For Smith, this is something that the marketing industry has understood much better than
the church. The marketing industry promises an erotically charged transcendence through media
that connects to our heart and imagination. Its operation contains a better, more creational,
more incarnational, more holistic anthropology than much of the church. For Smith, the
marketing industry is able to capture, form, and direct our desires precisely because it has rightly
discerned that we are embodied and desiring creatures whose being-in-the-world is governed by
the imagination. Moreover, the church has not been efficient in providing an alternative to the
kind of good life that the world imagines. The church has been trying to counter the consumer
formation of the heart by focusing on the head, ideas and beliefs. Smith proposes a different
approach. We should not see passion and desire as such as the problem, but rather search to
redirect them. He proposes to honor what the marketing industry has got right, that we are
creatures primarily of love and desire. Then church must respond in kind with counter-measures
that focus on our passions, not primarily on our thoughts or beliefs. The church must begin with
an affirmation of our passional nature and then search to redirect it. These issues and the
anthropology of love that he affirms primes to adopt what he calls romantic theology.

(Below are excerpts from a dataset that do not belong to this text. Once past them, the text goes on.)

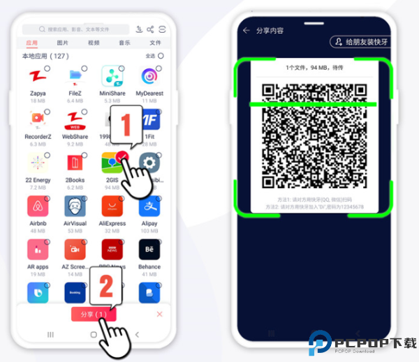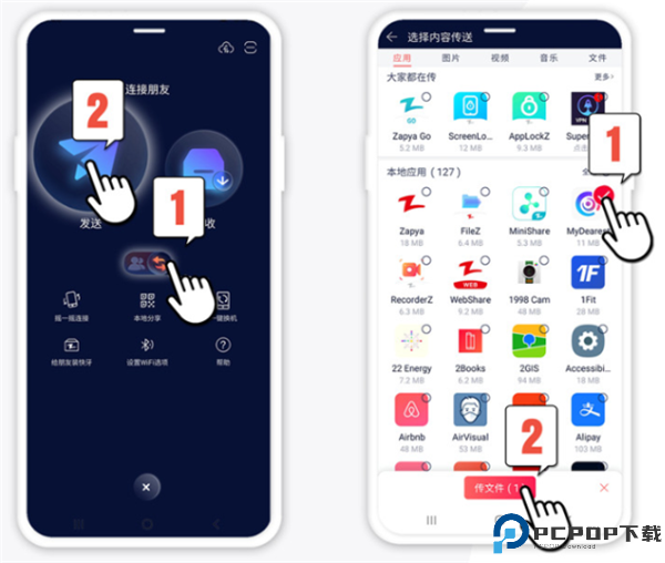 5、这样就和朋友的快牙连接成功了哦,然后是选择你需要传输的文件了,第一步是找到如箭头1所示的那个图标,然后往下翻找到“本地应用”,这样就能给朋友传输自己的软件了,接着只要选择你需要传输的软件就可以了哦;
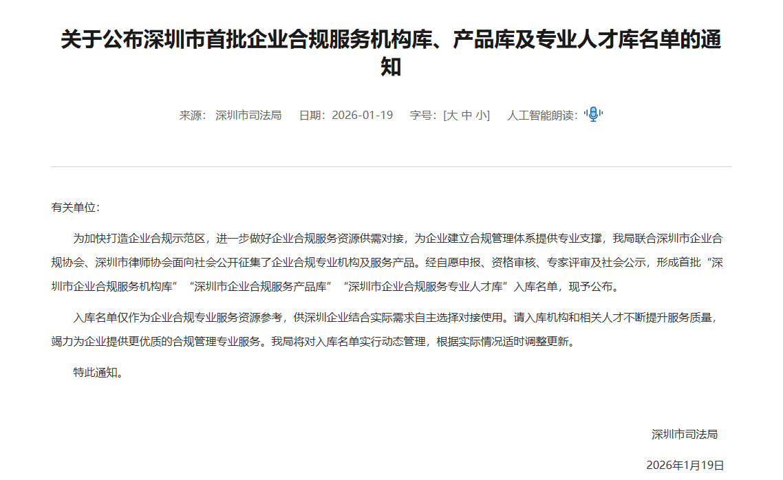 经自愿申报、资格审核、专家评审及社会公示,广东嘉得信律师事务所凭借在企业合规领域深厚的专业积淀、丰富的实务经验,成功入选“深圳市企业合规服务机构库、产品库及专业人才库”名单。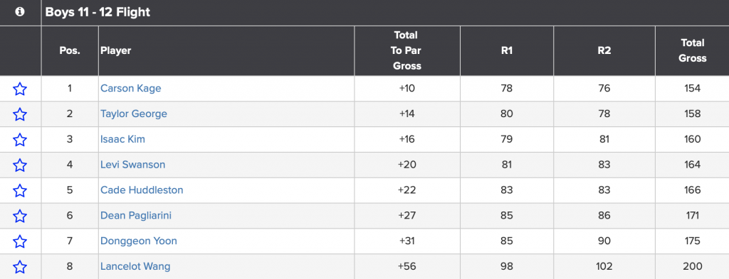 Complete tournament results are available online at: https://www.golfgenius.com/pages/7880274461260276022

Furthermore, the way our love or desire gets aimed in specific directions is through
practices that shape, mold, and direct our love. Habits are automatic practices which can be
acquired intentionally or unintentionally. Habits are rituals and routines that train our bodies, as
it were, to react automatically in certain situations and environments. There is quite a range of
things that would count as practices (or habits) precisely because there are different kinds of
goals.
Smith classifies habits in two groups. Thin or mundane habits are not usually pursued for
their own sake; rather, they are instrumental to some other end. They also are not the sort of
things that tend to touch on our identity. These practices and habits don’t touch our love or
fundamental desire. Thick or meaningful habits are habits that play a significant role in shaping
our identity. Engaging in these habit-forming practices not only says something about us, but also
keeps shaping us into that kind of person. So, thick habits often both signal and shape our core
values or our most significant desires. Here is where we would often locate religious habits and
practices. It is not always easy to discern between thick and thin habits. Sometimes, what might
seem to be thin practices are actually thick ones. At the end, all habits and practices are ultimately
trying to make us into a certain kind of person. That’s why it is important to ask what kind of
person is any habit or practice trying to produce, and to what end is such a practice aimed?

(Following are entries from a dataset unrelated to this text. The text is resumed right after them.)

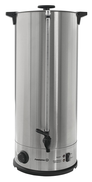 Электрокипятильник Foodatlas WB-30L используется на предприятиях общественного питания и торговли для нагрева воды и последующего поддержания заданной температуры. Встроенная защита от перегрева и автоматическое отключение гарантируют безопасное использование. Модель оснащена краном для розлива и крышкой с рукояткой. Корпус выполнен из высококачественной нержавеющей стали, отличающейся прочностью, долговечностью и устойчивостью к коррозии. Особенности: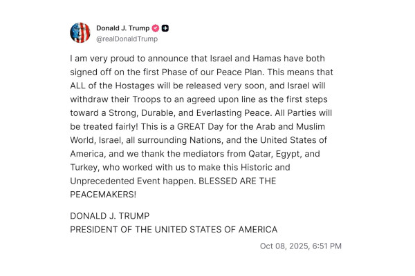 ANTARA - Presiden Amerika Serikat, Donald Trump, mengatakan pada Rabu (8/10), di media sosialnya bahwa Israel dan Hamas telah menyetujui tahap pertama dari rencana perdamaian Gaza. Kesepakatan ini menandakan bahwa seluruh sandera akan segera dibebaskan dan Israel akan menarik pasukannya sebagai langkah awal menuju perdamaian yang kuat dan tahan lama. (XINHUA/ Rijalul Vikry/Rizky Bagus Dhermawan/Ludmila Yusufin Diah Nastiti)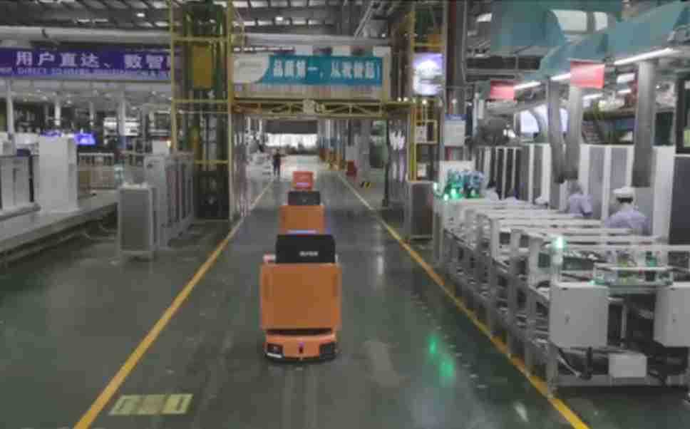 为车载冰箱物流配送打造的智能解决方案,,,,包含产中物流通过潜伏举升AMR搬运至线边,,,,产后成品物流智能仓储,,,,流程包含产中物流智能齐套入库,,,,线边安灯叫料AMR智能配送至线边,,,成品入库、、出库,,通过无人堆高车机器人,,,,智能仓储管理替代人工作业管理,,,,实现更高存储、、、、更高效率、、、更具柔性化的解决方案。。。。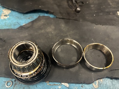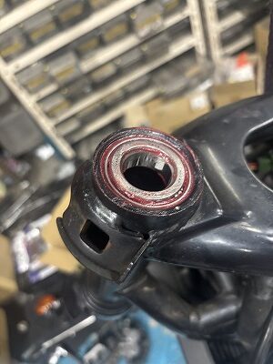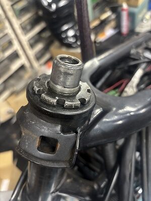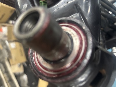 フレームに打ち込んであるレースにベアリングの打痕が・・・(あたしらのお仕事は、簡単に人の人生終了させてしまうお仕事なので・・・こういう作業見てしまうと・・・なんだかなぁ~って思うのであった)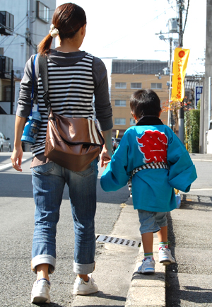 お母さんと一緒に神社へ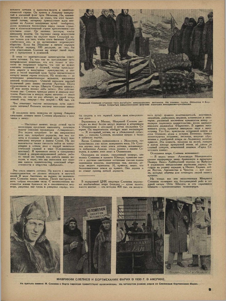 В конце зимовки авиаторы получили телеграмму с Большой земли. Им предписывалось не только спасти «Ставрополь» и «Нанук», но и разыскать американский самолет, так и не добравшийся к американской шхуне. Оказалось, бизнесмен Свенсон не хотел терпеть колоссальные убытки. Чтобы не платить в двойном размере матросам, он решил вывести их в Америку да и доставить туда же ценную пушнину, которую срочно надо было сбыть на аукционе. Для всего этого он нанял американских летчиков, среди которых оказался знаменитый полярник Бен Эйельсон, первым перелетевший через Северный полюс по трассе Аляска–Шпицберген и получивший за это переходящий приз «за исключительные полеты». Так вот, именно самолет прославленного летчика Эйельсона и его бортмеханика Борланда был обнаружен разбитым в пятидесяти милях от мыса Северного, но летчиков близ него не было.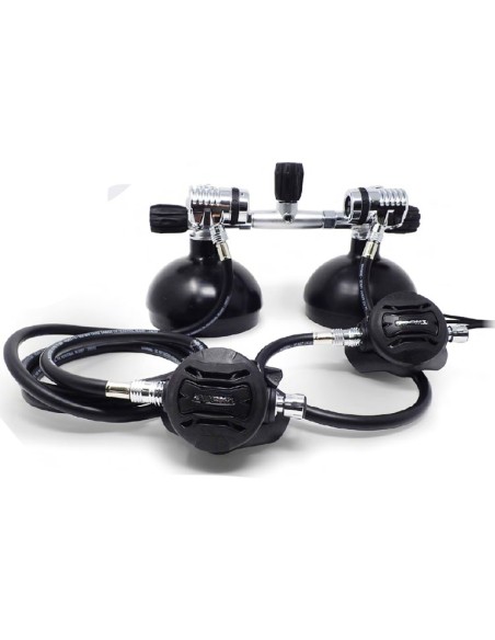 El conjunto TEK3 incluye: una primera etapa TEK3 izquierda, una primera etapa TEK3 derecha, dos segundas etapas XTX50, un latiguillo de 2 metros, un latiguillo estándar y un collar de regulador.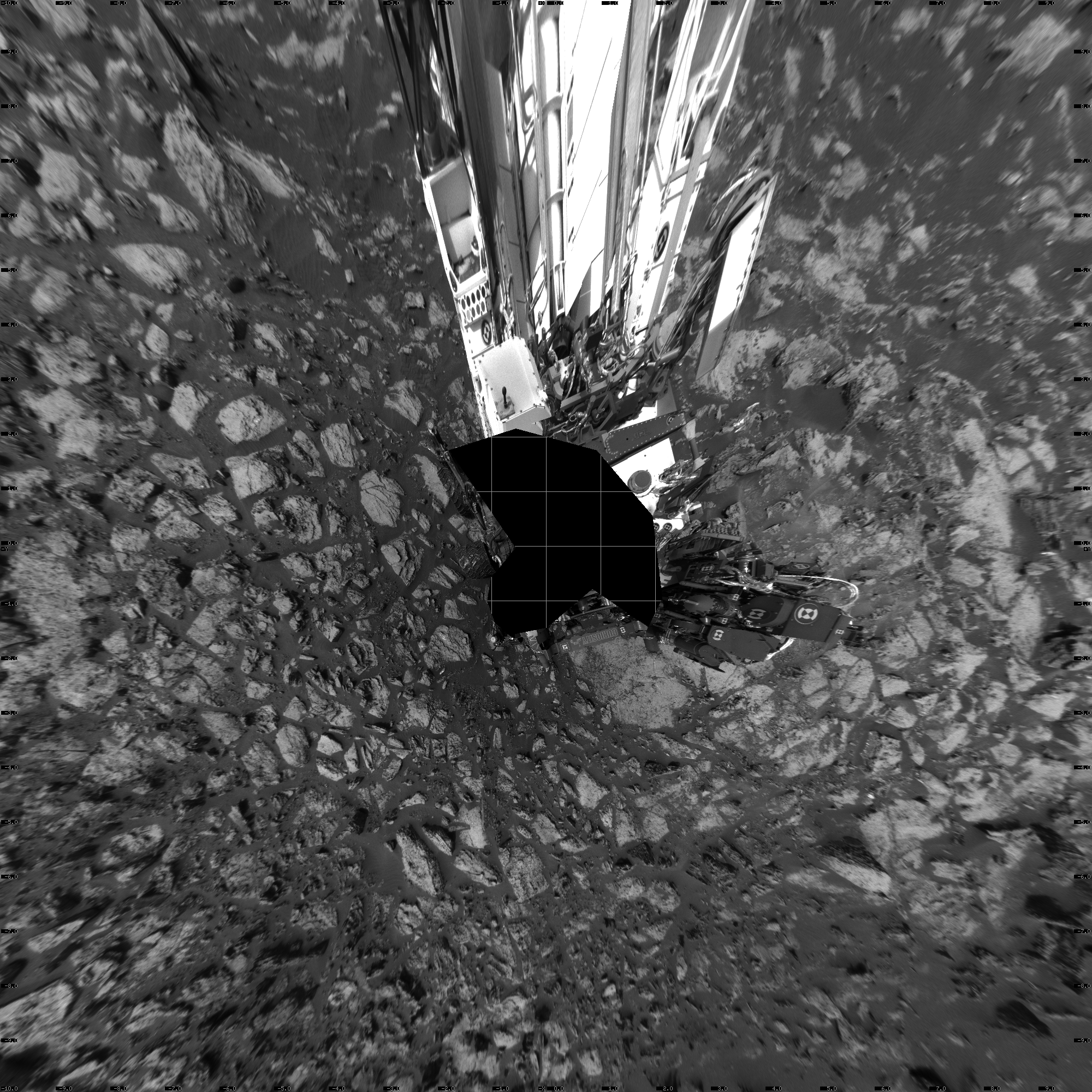 NASA's Mars rover Curiosity took 19 images in Gale Crater using its mast-mounted Left Navigation Camera (Navcam) to create this mosaic. The seam-corrected mosaic provides a vertical projection of the Martian surface near the rover, covering an area of 20 meters (north/south) by 20 meters (east/west). North is up in the image. This projection provides an overhead view, but introduces distortion for items not on the surface, such as large rocks and the rover itself. Curiosity took the images on October 10, 2016, Sol 1485 of the Mars Science Laboratory mission at drive 1836, site number 58. The local mean solar time for the image exposures was 2 PM. Each Navcam image has a 45-degree field of view. CREDIT: NASA/JPL-Caltech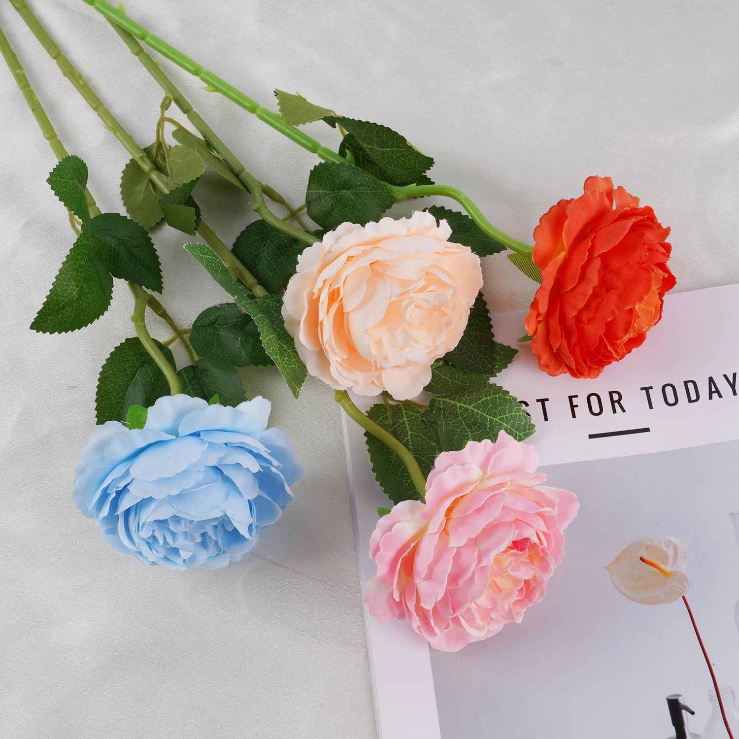 Transform your space with this stunning artificial pink roses arrangement, standing approximately 48cm tall. Crafted from high-quality silk and plastic, these lifelike flowers feature delicate, layered petals in soft pink tones with natural gradient variations. The slender green stems are textured for realism and are adorned with vibrant green leaves that have prominent veins and serrated edges, adding authentic detail to the bouquet. Ideal for creating a sophisticated ambiance, this arrangement is perfect for decorating weddings, home interiors, or special occasions. Its versatile color options—blue, champagne, light pink, light red, purple, red, and white—allow you to match any decor style easily. Enhance your events or living spaces with this timeless floral piece, designed to bring elegance and charm effortlessly.

Smith claims that our thickest practices constitute and function as liturgies. practices are
sorts of rituals: they are material, embodied routines that we do over and over again; they are
usually aimed at a specific end, or goal; and their repetition and practice has the effect of making
them more and more automatic such that they become part of the very fiber of our character.
Liturgies as rituals of ultimate concern: rituals that are formative for identity, that inculcate
particular visions of the good life, and do so in a way that means to trump other ritual formations.

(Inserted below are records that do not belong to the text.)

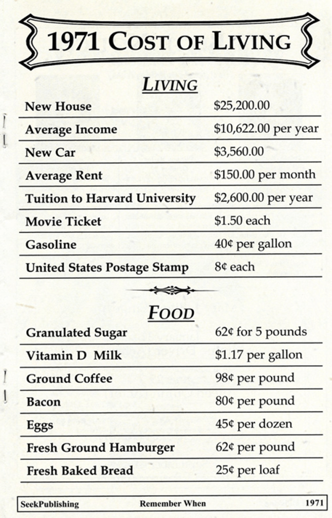Gasoline was 40 cents per gallon. Now it’s somewhere between three and four dollars per gallon, and adulterated with alcohol. Then it was adulterated with tetraethyl lead. We aren’t buying the same gasoline. Basically, that dollar in 1971 bought the same amount of gasoline as $10 does today – not nearly so inflationary as the gold spot price might indicate. This old ad gives an idea of the cost of groceries when I turned 21: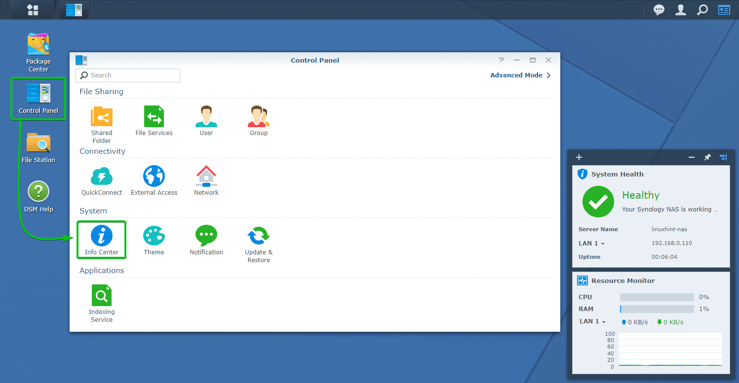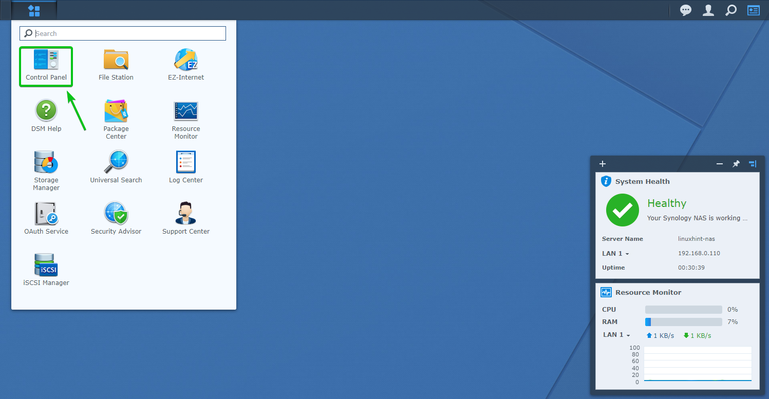 To check the memory, you’ve already installed on your NAS, open the Control Panel app from the Main Menu of Synology Web GUI, as shown in the screenshot below.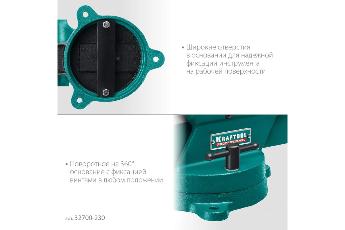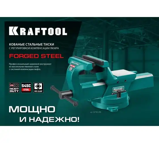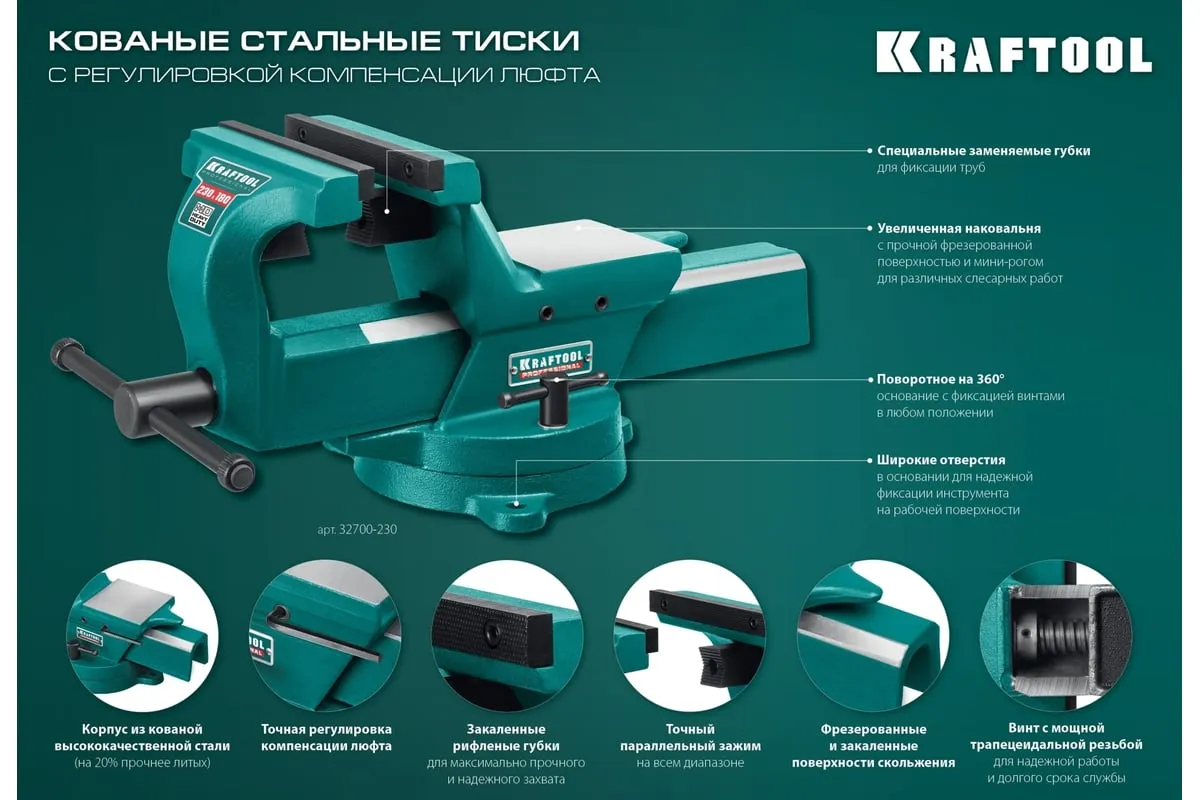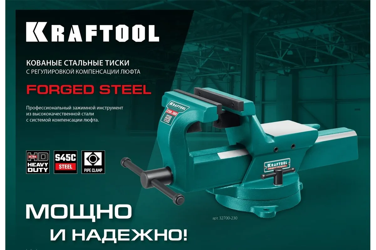Кованые стальные тиски KRAFTOOL Forge-180/230 32700-230 предназначены для фиксации и удержания деталей при выполнении столярных и слесарных работ. Поворотное основание и наличие наковальни расширяют сферу применения устройства.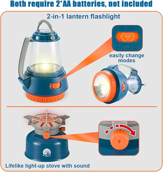 LIFELIKE 2-IN-1 FLASHLIGHT-LANTERN AND CAMPING STOVE: The flashlight could light up bright for kids camping needs or playing in the backyard, it could easily change to lantern with just a slide of the button. The little camping stove could light up with realistic sound makes pretend play games almost like real. Both require 2 AA batteries(Not included)

This is not only true for religious practices but for all kind of practices. As we see in the example
of the mall. Liturgies are the most loaded forms of ritual practice because they are after nothing
less than our hearts. They want to determine what we love ultimately and shape our identity by
shaping our desire for what we envision as the kingdom. In ritual forces of culture is embedded
a sense of what ultimately matters.
From the perspective of Christian faith, these secular liturgies will often constitute a mis-
formation of our desires, aiming our heart away from the Creator to some aspect of the creation
as if it were God. For Smith, Christian worship needs to be intentionally liturgical, formative, and
pedagogical in order to counter such mis-formations and misdirections.